Pasok minyak dunia sebelum dan sesudah pemangkasan produksi OPEC+

Terkait dengan  dampak manuver OPEC+ ke  impor minyak dan gas (migas) Indonesia, David juga menilai kinerja pengapalan minyak hingga saat ini masih dalam kondisi normal. Menurutnya, peningkatan impor minyak normal terjadi menjelang Lebaran dengan kenaikan berkisar antara 10% hingga 15%.

“Tidak banyak [kenaikannya], biasanya 10%–15% lebih tinggi kalau menjelang Lebaran, tetapi tidak banyak terpengaruh [pemotongan produksi  OPEC+] karena biasanya sudah ada impor terjadwal,” ungkapnya.

Per Februari 2023, impor migas Indonesia tercatat US$ 2,41 miliar atau turun 17,19% secara bulanan. Hal ini dipicu penurunan impor minyak mentah sebesar 45,39% secara bulanan dan penurunan hasil minyak sebesar 8,2% secara bulanan.

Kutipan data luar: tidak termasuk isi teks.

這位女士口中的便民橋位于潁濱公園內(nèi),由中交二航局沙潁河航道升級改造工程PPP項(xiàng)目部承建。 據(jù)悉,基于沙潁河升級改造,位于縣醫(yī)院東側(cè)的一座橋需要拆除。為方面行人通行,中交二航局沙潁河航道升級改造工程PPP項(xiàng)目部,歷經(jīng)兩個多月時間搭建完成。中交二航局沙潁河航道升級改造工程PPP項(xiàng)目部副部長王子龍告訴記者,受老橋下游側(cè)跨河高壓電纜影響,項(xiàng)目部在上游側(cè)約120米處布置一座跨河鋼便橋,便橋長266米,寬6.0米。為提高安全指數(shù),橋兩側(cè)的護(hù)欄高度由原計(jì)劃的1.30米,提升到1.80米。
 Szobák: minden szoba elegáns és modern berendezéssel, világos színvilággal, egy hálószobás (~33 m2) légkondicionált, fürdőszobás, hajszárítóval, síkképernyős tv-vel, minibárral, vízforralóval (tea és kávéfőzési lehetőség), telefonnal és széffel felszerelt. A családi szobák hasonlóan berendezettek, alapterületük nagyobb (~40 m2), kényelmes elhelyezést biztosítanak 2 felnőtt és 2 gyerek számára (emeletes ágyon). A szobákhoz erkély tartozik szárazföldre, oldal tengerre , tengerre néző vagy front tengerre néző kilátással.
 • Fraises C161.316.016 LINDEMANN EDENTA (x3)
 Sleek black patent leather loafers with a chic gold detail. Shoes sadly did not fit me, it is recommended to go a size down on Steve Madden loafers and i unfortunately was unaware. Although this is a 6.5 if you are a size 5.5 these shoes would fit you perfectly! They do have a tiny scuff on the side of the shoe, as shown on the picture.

Sementara itu, terkait dengan dampak harga minyak dunia terhadap inflasi, David mengaku belum bisa melakukan estimasi karena pengumumannya baru saja dilakukan satu hari lalu. Namun, dia memperkirakan tidak akan ada efek terlalu menghantam terhadap inflasi Indonesia, terutama dengan kecenderungan laju inflasi yang menurun.

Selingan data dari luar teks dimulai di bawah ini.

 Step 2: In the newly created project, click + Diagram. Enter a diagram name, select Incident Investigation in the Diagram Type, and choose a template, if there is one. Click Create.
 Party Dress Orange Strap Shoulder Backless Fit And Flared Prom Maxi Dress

“Belum tahu, baru sehari jadi belum tahu.Mungkin nanti kalau sudah seminggu dan harganya sustain. Perkiraan saya belum ada pengaruh ke inflasi. Inflasi kita masih kecenderungan menurun. Saya lihat mungkin di memasuki kuartal III sudah bisa memasuki 3%–4% sesuai target BI. Sejauh ini belum ada pengaruh dari minyak,” jelasnya.